This post will present one way to monitor iRODS with Nagios.
We will start with a Nagios service which will monitor the status of iRODS resource servers and if a resource server is non-responsive, mark all the iRODS resources on that server down. Finally we will create a Nagios service to monitor the percentage of a resource's capacity being used and generate Nagios warning and critical statuses for resources that have exceeded certain thresholds.
As a demonstration, we will set up an iRODS grid with one iCAT enabled server (catalog producer) and two iRODS resource servers (catalog consumers). Each server will host exactly one resource.
After setting up the servers, make sure each server can access the others by fully qualified domain name (FQDN). Install iRODS on each server. In this demonstration we installed iRODS 4.2 (preview).

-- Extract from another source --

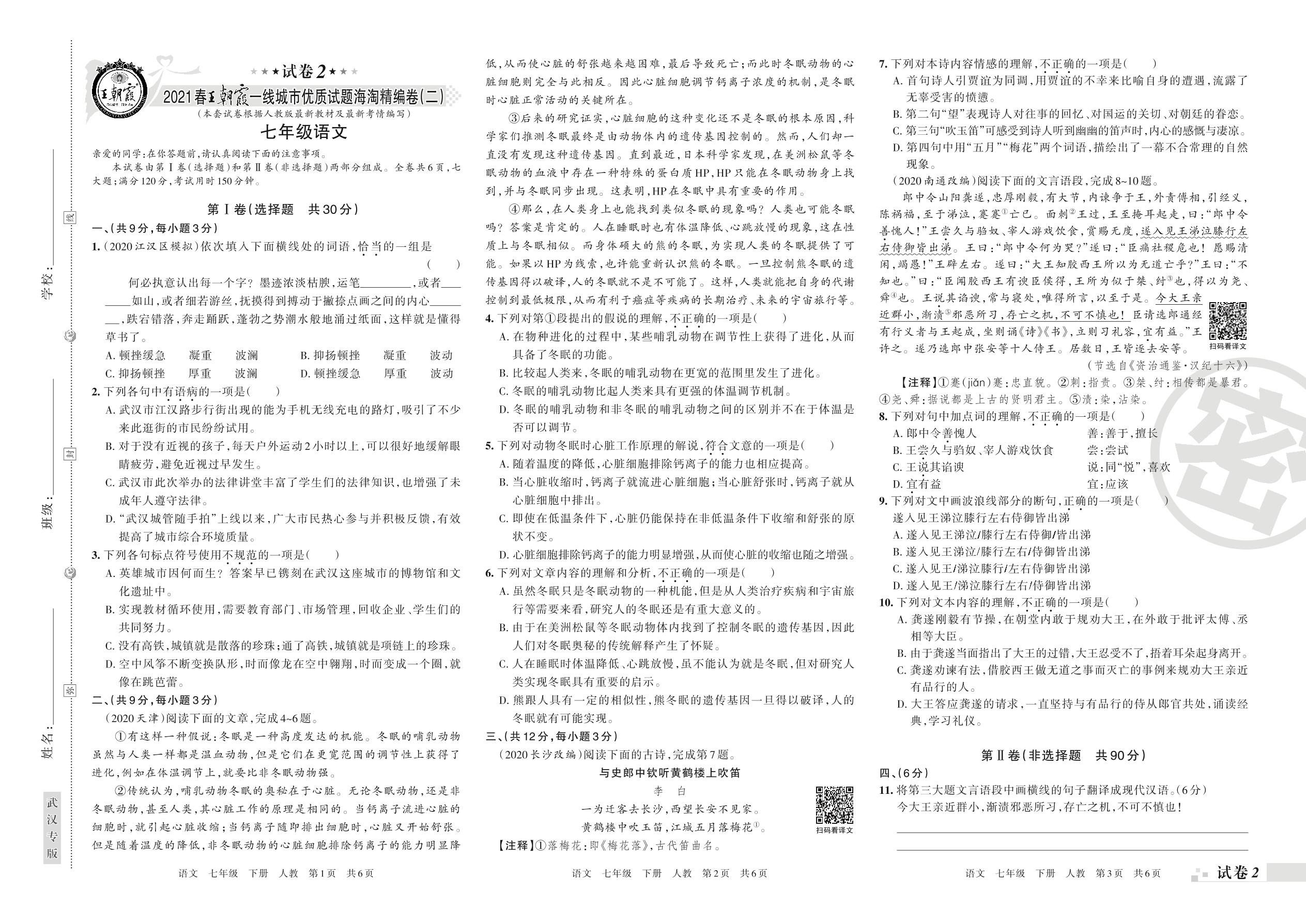 王朝霞海淘期末精编卷七年级下册语文(人教版)【2】

We will use the default resources created on Resource1.example.org and Resource2.example.org.
The instructions that follow are based on Ubuntu (14). Minor changes would be needed if installed on another Linux distribution.
We have created a simple application which will ping the iRODS services on each server. This application performs an rcConnect() to an iRODS server given the IP or hostname and port.

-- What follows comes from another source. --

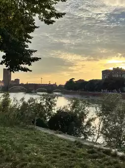 As the sun began to lower, we made our way to the Adige River, crossing the Ponte Pietra, Verona’s oldest bridge. The golden hour hit the water just right, casting a soft amber glow over the city. I walked along the riverbank, the sky melting into pinks and purples, bells chiming in the distance, and the breeze carrying the scent of blooming oleander.
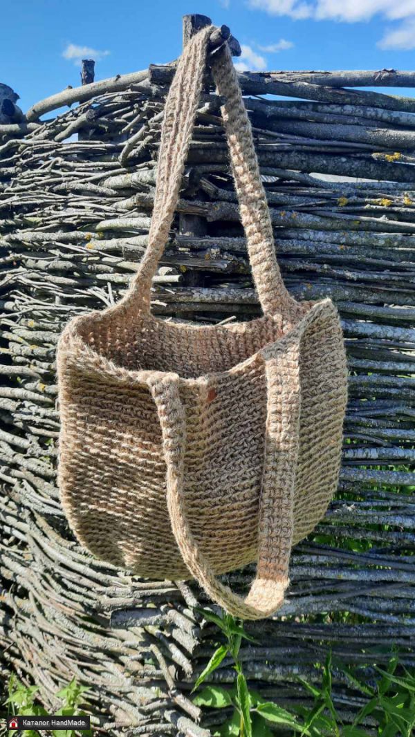 Сумка-шоппер, ручная работа, выполнена из 100% натурального волокна, джута. Сумка-шоппер актуальная во все времена. Это не только стильный аксессуар, но и практичная вещь. В ней достаточно места, чтобы разместить все необходимые повседневные вещи. А чтобы среди очень нужных вещей не затерялся ваш телефон или губная помада, внутри есть довольно вместительный кармашек. Сумку можно носить как не плече, так и в руках. Простота аксессуара сочетается с изяществом и дополнит любой образ независимо от выбранного стиля. Изделия из джута отличаются долговечностью, поэтому ручки выдержат достаточно большой вес. Размер сумки: высота - 33 см., ширина - 40 см. Длина ручки до плеча - 30 см. Размер кармана: высота - 14 см., длина 21 см. Можно стирать руками в теплой мыльной воде, затем придать форму и высушить.

To build the iping binary we need to first build the iRODS externals as described in Building iRODS Externals.
After the externals are built, we need to clone the iRODS contrib package from GitHub, build and then install the iping package.
Perform the following steps on ICAT.example.org:
export PATH=/opt/irods-externals/cmake3.5.2-0/bin:$PATH
cd ~
git clone https://github.com/irods/contrib
mkdir ipingbuild
cd ipingbuild
cmake ~/contrib/iping
make package
sudo dpkg -i irods-iping_4.2.0~trusty_amd64.deb
Now let's test the iping command:
$ iping -h Resource1.example.org
OK : connection to iRODS server successful
$ iping -h Resource2.example.org
OK : connection to iRODS server successful
$ echo $?
0
As another test, bring down one of the resource servers by either shutting down the machine or stopping the iRODS service (or possibly specifying a port other than the default of 1247).
$ iping -h Resource1.example.org -p 1247
ERROR: _rcConnect: connectToRhost error, server on Resource1.example.org:1247 is probably down status = -305111 USER_SOCK_CONNECT_ERR, Connection refused
$ echo $?
2
The iping command will return a return code of 2 on failure. This will be used by Nagios to determine success (0) or failure (2).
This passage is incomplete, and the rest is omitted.